**INSTRUCTIONS FOR THE TASK:**
Among the entries below, one stretch runs from the line that contains "お風呂の学校 セット価格 中学受験マスター理科/公民" through the line that contains "2019萤火虫Cosplay". Repeat that stretch exactly, ends included, and only that.
BEGIN INPUT FOR THIS TASK
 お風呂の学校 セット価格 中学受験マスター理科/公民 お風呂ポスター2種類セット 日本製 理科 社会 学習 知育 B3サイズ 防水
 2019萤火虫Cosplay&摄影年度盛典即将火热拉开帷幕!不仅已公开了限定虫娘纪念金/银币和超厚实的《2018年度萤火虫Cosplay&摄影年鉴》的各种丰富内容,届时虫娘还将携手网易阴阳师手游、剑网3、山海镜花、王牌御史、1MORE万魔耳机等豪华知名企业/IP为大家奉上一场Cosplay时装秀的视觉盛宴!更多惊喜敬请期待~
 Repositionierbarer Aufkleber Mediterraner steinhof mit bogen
END INPUT FOR THIS TASK
BEGIN INPUT FOR THIS TASK
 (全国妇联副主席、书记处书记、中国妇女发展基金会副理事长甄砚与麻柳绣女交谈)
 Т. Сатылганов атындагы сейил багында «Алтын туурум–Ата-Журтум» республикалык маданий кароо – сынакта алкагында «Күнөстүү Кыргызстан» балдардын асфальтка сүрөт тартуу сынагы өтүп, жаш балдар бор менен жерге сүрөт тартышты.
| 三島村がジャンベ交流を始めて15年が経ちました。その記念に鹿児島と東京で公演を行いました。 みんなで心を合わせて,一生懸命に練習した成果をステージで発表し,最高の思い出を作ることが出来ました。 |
END INPUT FOR THIS TASK
BEGIN INPUT FOR THIS TASK
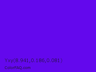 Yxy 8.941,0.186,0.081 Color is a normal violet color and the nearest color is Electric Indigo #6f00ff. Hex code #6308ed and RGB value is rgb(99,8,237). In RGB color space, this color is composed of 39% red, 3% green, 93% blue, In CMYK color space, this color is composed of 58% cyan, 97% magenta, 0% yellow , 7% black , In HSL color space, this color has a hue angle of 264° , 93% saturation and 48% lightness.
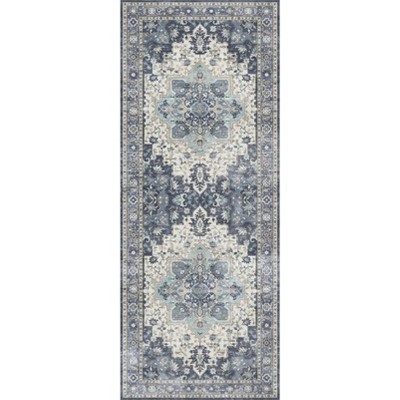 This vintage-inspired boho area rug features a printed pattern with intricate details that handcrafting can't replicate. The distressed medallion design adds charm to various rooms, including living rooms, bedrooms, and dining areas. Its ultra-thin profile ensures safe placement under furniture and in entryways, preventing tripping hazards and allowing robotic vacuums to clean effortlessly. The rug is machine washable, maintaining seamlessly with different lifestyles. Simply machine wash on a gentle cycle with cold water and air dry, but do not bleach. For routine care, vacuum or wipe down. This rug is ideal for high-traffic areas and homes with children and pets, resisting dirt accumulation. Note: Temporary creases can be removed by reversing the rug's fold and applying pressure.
END INPUT FOR THIS TASK
**SOLVED PROBLEM:**
 お風呂の学校 セット価格 中学受験マスター理科/公民 お風呂ポスター2種類セット 日本製 理科 社会 学習 知育 B3サイズ 防水
 2019萤火虫Cosplay&摄影年度盛典即将火热拉开帷幕!不仅已公开了限定虫娘纪念金/银币和超厚实的《2018年度萤火虫Cosplay&摄影年鉴》的各种丰富内容,届时虫娘还将携手网易阴阳师手游、剑网3、山海镜花、王牌御史、1MORE万魔耳机等豪华知名企业/IP为大家奉上一场Cosplay时装秀的视觉盛宴!更多惊喜敬请期待~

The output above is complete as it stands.